Kentucky Police Chiefs Formally Oppose Weed Legalization

On Wednesday, Republican state senator Dan Seum made that case that Kentucky should get in on the legalization trend cascading across the United States.

Senator Seum made the proposal by emphasizing the revenue the state stands to gain by ending its prohibition on cannabis. According to sources, Seum estimates Kentucky could generate between $100 million and $200 million in tax revenue. It’s a strong argument in a cash-strapped state regularly facing budget shortfalls.

Suem, however, faces a tough battle in the legislative chamber. Not many other state senators are on board with his proposed bill, including Senate President Robert Stivers.

And the odds for legal marijuana in Kentucky just got a lot longer today. In a resolution published on Friday, Kentucky police chiefs formally oppose weed legalization.

With opposition from state lawmakers on one hand and law enforcement on the other, Senator Seum’s bill already appears dead in the water.

Senator Seum’s bill would legalize medical and recreational cannabis for adults 21 and older. Additionally, the bill establishes a loose framework for regulating the production and sale of cannabis.

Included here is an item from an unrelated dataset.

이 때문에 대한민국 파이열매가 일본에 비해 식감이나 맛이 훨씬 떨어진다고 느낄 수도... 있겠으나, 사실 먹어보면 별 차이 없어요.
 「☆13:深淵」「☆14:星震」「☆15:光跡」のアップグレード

Kentucky Police Chiefs Say Weed Is “Contrary To Public Health”

The Kentucky Association of Police Chiefs is pushing back against Seum’s new bill. And they’re doing so by appealing to the threadbare arguments in favor of prohibition.

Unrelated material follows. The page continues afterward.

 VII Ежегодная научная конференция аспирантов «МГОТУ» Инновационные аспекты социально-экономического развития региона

According to the resolution, legal marijuana is “contrary to public health, safety and welfare of Kentucky citizens.”

For the KACP, legalizing marijuana is tantamount to an endorsement of drug abuse. As such, their resolution claims to “preserve the rights of citizens to live and work in a community where drug abuse is not accepted.”

But Kentucky police chiefs aren’t just setting their sights on recreational legalization. They oppose legal cannabis use in all of its forms, including medical uses widely recognized as beneficial and legitimate.

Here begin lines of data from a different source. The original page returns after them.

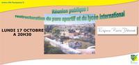 Ca y est ! le nouveau stade est annoncé et programmé , Les travaux du parc sportif et du Lycée international seront présentés par la Mairie et le Conseil Départemental lors d'une reunion d' information publique le lundi 17 octobre à 20 h 30 , Espace Pierre Delanoë .
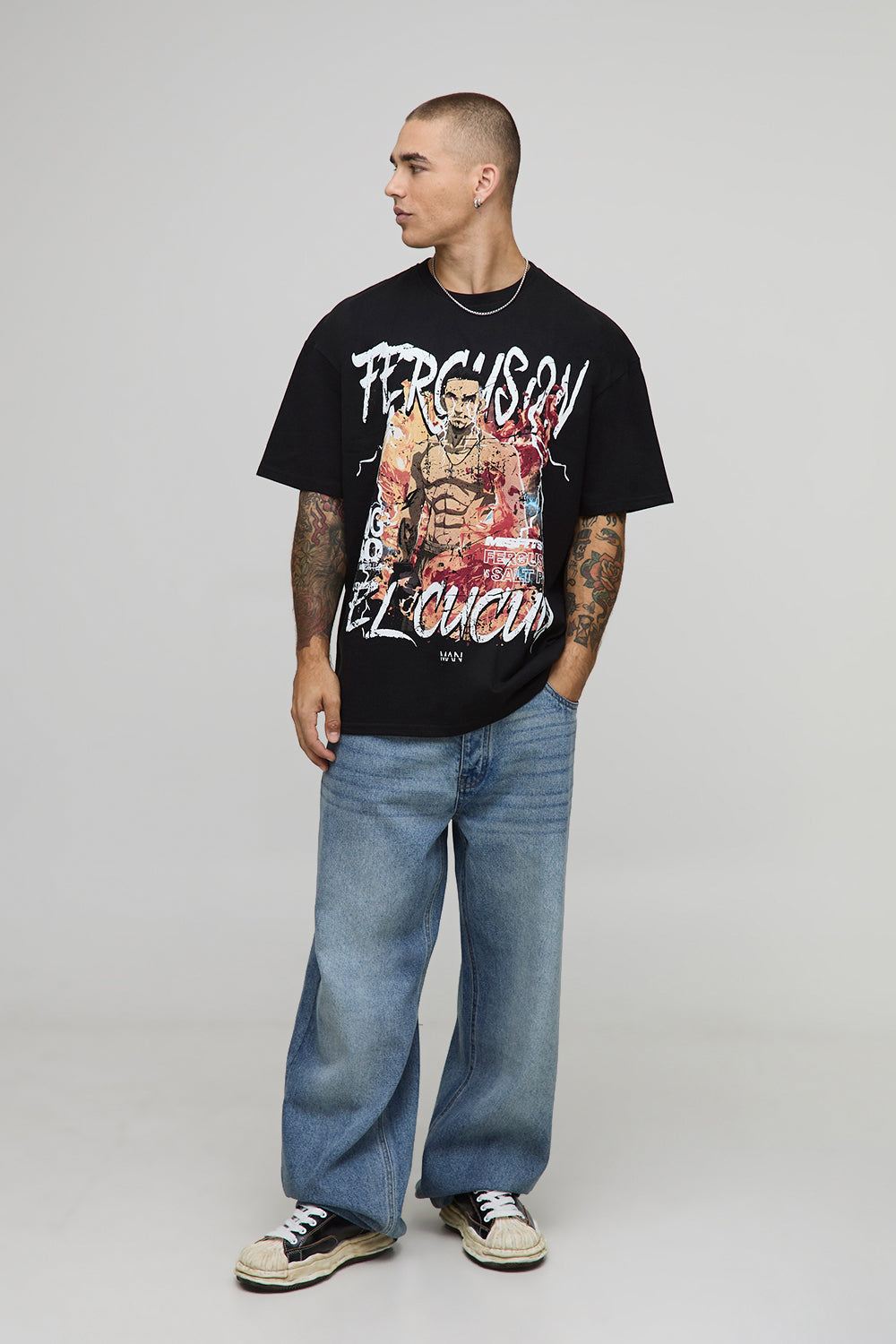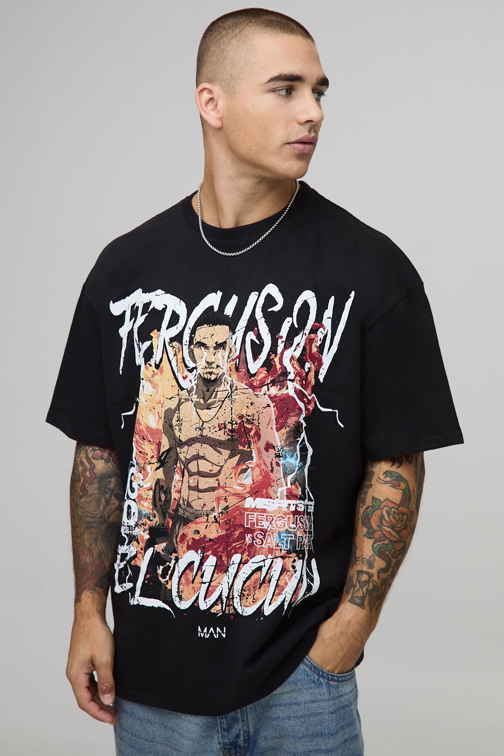 BLACK OVERSIZED TONY FERGUSON MISFITS LICENSE PRINTED T-SHIRT
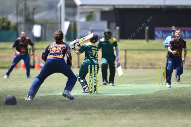 Jack James (Officer) hits a ball from bowler Marcus Martini (Pakenham). I think this is the ball when he went out. 528970_35

What the KACP resolution fails to mention, however, is that most of their concerns are in fact fueled by the prohibition on cannabis. The resolution cites criminal activity associated with the sale and possession of cannabis, for example.

Then, there’s just the factually inaccurate. The resolution claims that “marijuana, like cigarettes, is addictive.” Of course, cannabis does not create anywhere near the chemical dependency nicotine does.

The resolution isn’t all bunk, however. It does reference that cannabis use poses a danger to adolescents and young people. Scientific research has indeed pointed to the deleterious effects of cannabis on the developing brain. Nevertheless, many young people receive life-saving cannabis-based medication for a variety of diseases, including severe epilepsy.

In other parts of the country, law enforcement officials have come out in favor of legalizing marijuana. They argue that ending prohibition frees up resources to combat more serious crimes and helps mitigate the consequences of a racially biased of the War on Drugs.

Kentucky, however, is not one of those places.